A number of genetic arteriopathies are recognised. CADASIL (cerebral autosomal dominant arteriopathy with subcortical infarcts and leukoencephalopathy)43 is an uncommon cause of young onset subcortical strokes and dementia (mean age of onset 45 years) associated with migraine and psychiatric symptoms, which may be the presenting feature. The clinical picture is highly variable within families. MRI reveals diffuse white matter lesions of the cerebral hemispheres, notably the anterior temporal lobes and external capsules (fig 1G). CADASIL is caused by mutations of the Notch3 gene on chromosome 19. Light microscopy of skin biopsies may reveal non-specific periodic acid Schiff staining of vessel walls and electron microscopy frequently demonstrates characteristic granular osmophilic material of uncertain origin in proximity to vascular smooth muscle cells in skin, muscle, peripheral nerve, and brain. Genetic testing may be diagnostic; immunostaining of skin biopsies using Notch3 monoclonal antibody is a promising alternative diagnostic test.44 Various hereditary cerebral amyloid angiopathies have been identified (table 3): these include the familial British and Danish dementias associated with mutations in the BRI gene on chromosome 13 which produce complex neurological syndromes.45,46

CEREBRAL VASCULITIS

Vasculitis rarely affects the central nervous system in isolation but must always be considered as it is a potentially treatable cause of YOD.47,48 The differential diagnosis is wide (table 4) and includes primary vasculitides such as Wegener’s granulomatosis, temporal arteritis, polyarteritis nodosa, and Churg-Strauss syndrome; systemic diseases that may produce vasculitis such as systemic lupus, sarcoidosis, Behçet’s disease and cryoglobulinaemia; infectious agents such as herpes zoster; and other rare conditions such as intravascular lymphoma. Special mention should be made of primary angiitis of the central nervous system, which is almost exclusively confined to brain and less commonly spinal cord; the aetiology remains unknown, however pathologically there is patchy inflammation (which may be granulomatous, necrotising or lymphocytic) preferentially affecting small leptomeningeal and parenchymal vessels. Clinical presentations are highly variable, ranging from an acute encephalopathy and multiple sclerosis-like illnesses to an indolent subcortical dementia. Headache is common but not universal; symptoms may fluctuate, and seizures may occur. Findings on investigation that suggest cerebral vasculitis include raised inflammatory markers and/or autoantibodies, vascular lesions on brain imaging, an encephalopathic electroencephalogram, cerebrospinal fluid pleocytosis with unmatched oligoclonal bands, and beading of vessels on cerebral angiography; however, none in isolation can substitute for histopathology, and unconfirmed suspicion of cerebral vasculitis remains one of the few indications for biopsy of brain and meninges before committing the patient to immunosuppressive therapy.

OTHER CAUSES

Alcohol related dementia

Progressive intellectual deterioration is part of the spectrum of neurological and psychiatric sequelae of chronic alcohol abuse and represents a substantial social burden (table 1)2; improvement may occur if abstinence is achieved.49 Executive function and autobiographical memory appear especially vulnerable and confabulation may occur.
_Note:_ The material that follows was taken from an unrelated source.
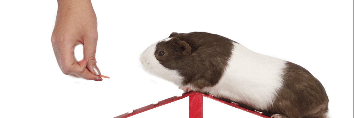 En fait, il est difficile de « dresser » un cochon d’Inde à faire quelque chose qui n’est pas utile pour lui, contrairement au chien, qui sait qu’il gagnera la satisfaction de son maître. Vous pouvez cependant essayer d’apprendre des petits tours simples, comme par exemple tourner plusieurs fois avant d’avoir un petit bout de carotte, tourner autour de la gamelle, marcher sur un petit pont en rondin, passer dans un tunnel ou un cerceau, etc. L’utilisation du clicker – comme pour les chiens – est déconseillée. En effet, ce type de son très sec fait peur au cochon d’Inde. Servez-vous plutôt de votre voix et de petits morceaux de légume en guise de friandise pour le récompenser ! C’est là clé du succès.

However, the concept of alcohol related dementia has raised considerable nosological difficulties: many patients have clinical features of Wernicke-Korsakoff syndrome (thiamine deficiency), other nutritional deficiencies, or hepatic encephalopathy.50 Brain imaging often shows generalised cerebral atrophy with frontal predominance; however, appearances are non-specific. Neuropathological findings have been variable and heterogeneous, consistent with a multifactorial aetiology.50

Multiple sclerosis

Cognitive impairment may be the presenting feature of multiple sclerosis and it is common late in the course51,52; most cases have predominantly frontal executive dysfunction, resulting from frontosubcortical disconnection with extensive cerebral white matter disease. Intellectual deterioration generally progresses slowly, however cognitive impairment is more severe in chronic progressive than in relapsing-remitting disease. Cognitive impairment correlates with total lesion load and degree of atrophy of the corpus callosum on MRI,52 and probably reflects axonal loss rather than demyelination per se.

AIDS dementia complex

AIDS dementia complex should not be overlooked as a cause of YOD. It generally presents as a subcortical dementia associated with gait ataxia and seizures. Brain MRI reveals diffuse cerebral atrophy with white matter hyperintensities. It is probably the direct result of central nervous HIV infection, and it is a diagnosis of exclusion in patients with known AIDS who develop cerebral symptoms. It is associated with a relatively low CD4 count53 and is seen less frequently since the advent of highly active antiretroviral therapy.54

Wilson’s disease

Wilson’s disease is a treatable cause of YOD. It is an autosomal recessive disorder of copper transport with a prevalence of approximately 1/50 000.55 Accumulated tissue copper causes progressive toxicity to the nervous system, liver, blood, and other organs. Abnormalities in behaviour and personality, depression, and cognitive deterioration are common. Neurological manifestations include tremor, dystonia, chorea, ataxia, dysarthria, a characteristic grimacing facial expression, and the pathognomonic corneal Kayser-Fleischer ring (which may require slit lamp examination for detection). The diagnosis is confirmed by low serum caeruloplasmin and total copper levels and increased 24 hour urinary copper excretion. Treatment is based on copper chelation. Copper studies should be part of the routine work-up of any patient presenting with psychiatric illness, dementia, or a movement disorder before the fifth decade.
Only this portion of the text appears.